## [Prompt]
If the records below hold pictures, omit them, and print exactly the lines from the first line through the line containing "MINARA | |||", inclusive.

## [Study material]

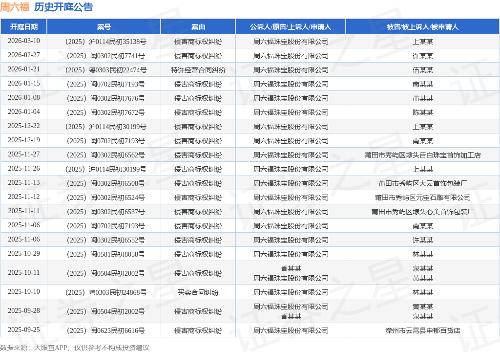 案号:(2025)闽0302民初7672号根据统计,近一年内以周六福珠宝股份有限公司为当事人的历史开庭公告有48则,其中案由为“侵害商标权纠纷”的公告以42则居首,其次为“买卖合同纠纷”有2则,“特许经营合同纠纷”有2则。历史开庭公告(前20条)如下:
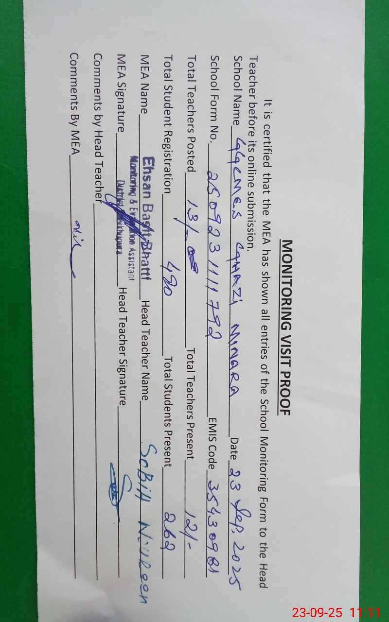 | EMIS Code: 35430981 | Name of School: GGCMES GHAZI MINARA | |||
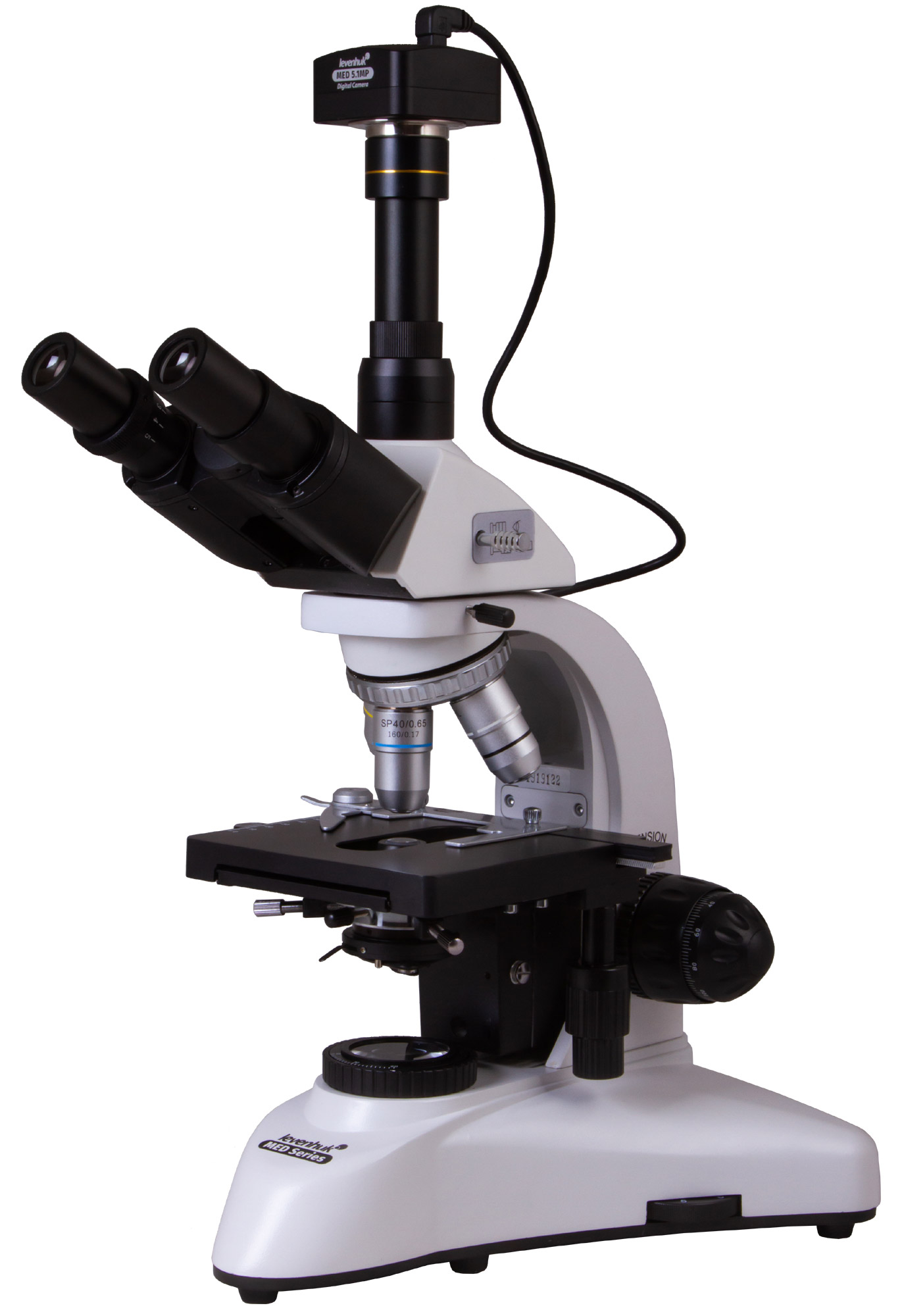 В микроскопе используется классическая тринокулярная насадка. Она разделена на визуальную часть, отклоненную на 30-градусный угол, и отдельную вертикальную трубку, в которую устанавливается цифровая камера (в комплекте). Есть делитель светового потока. Камера снабжена сенсором 5,1 Мпикс, позволяет снимать фото и записывать видео. Ее можно соединить с внешним устройством при помощи комплектного USB-кабеля, чтобы передавать картинку с объектива микроскопа на подключенный экран в реальном времени. Камера облегчает работу в лаборатории, так как благодаря ей нет нужды постоянно смотреть в окуляры. С помощью специальной программы, записанной на диск, можно корректировать размер, яркость и контрастность изображения, менять время выдержки, проводить калибровку камеры с объективами, измерять образцы или отдельные структуры (доступно несколько единиц измерения).
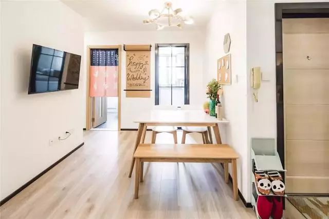 在客厅的另一侧是餐厅空间,摆放在走道上的原木风餐桌椅,墙面还挂了电视。黑框玻璃隔断门和布帘隔断,让餐厅更加明亮。
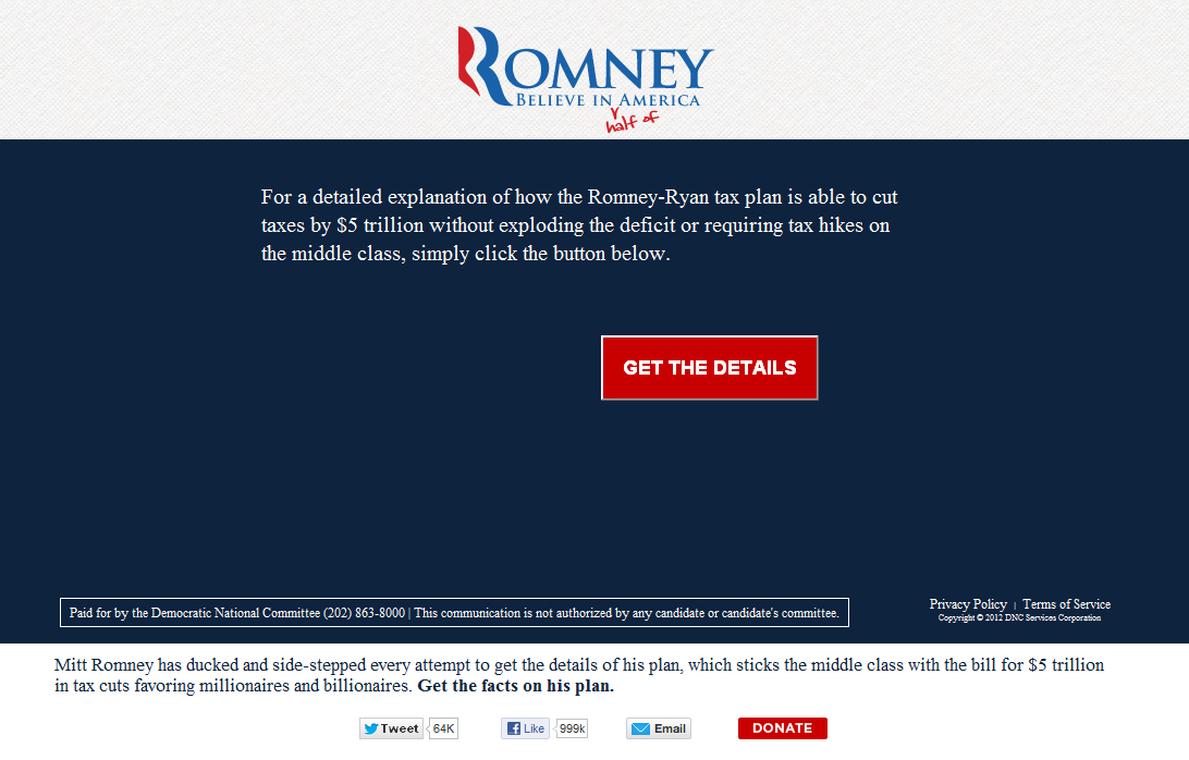 Team Obama have released a website where voters are promised the details on Mitt Romney’s $5 trillion tax plan. However, like a classic schoolboy ruse, when users try and click on the button to ‘get the details’ it dodges your cursor and moves away.
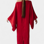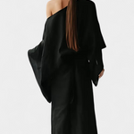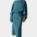 Филипа въплъщаваRelaxed elegance, вдъхновена от Япония и съвременната същност. Нейният кимоно силует, изработен от лека смес от лен и памук, обгръща тялото с органична свежест и структура. Широките ръкави, кръстосаният деколте и съответстващият пояс определят флуидната, универсална и естествено изискана дреха.

## [Written answer]
 案号:(2025)闽0302民初7672号根据统计,近一年内以周六福珠宝股份有限公司为当事人的历史开庭公告有48则,其中案由为“侵害商标权纠纷”的公告以42则居首,其次为“买卖合同纠纷”有2则,“特许经营合同纠纷”有2则。历史开庭公告(前20条)如下:
 | EMIS Code: 35430981 | Name of School: GGCMES GHAZI MINARA | |||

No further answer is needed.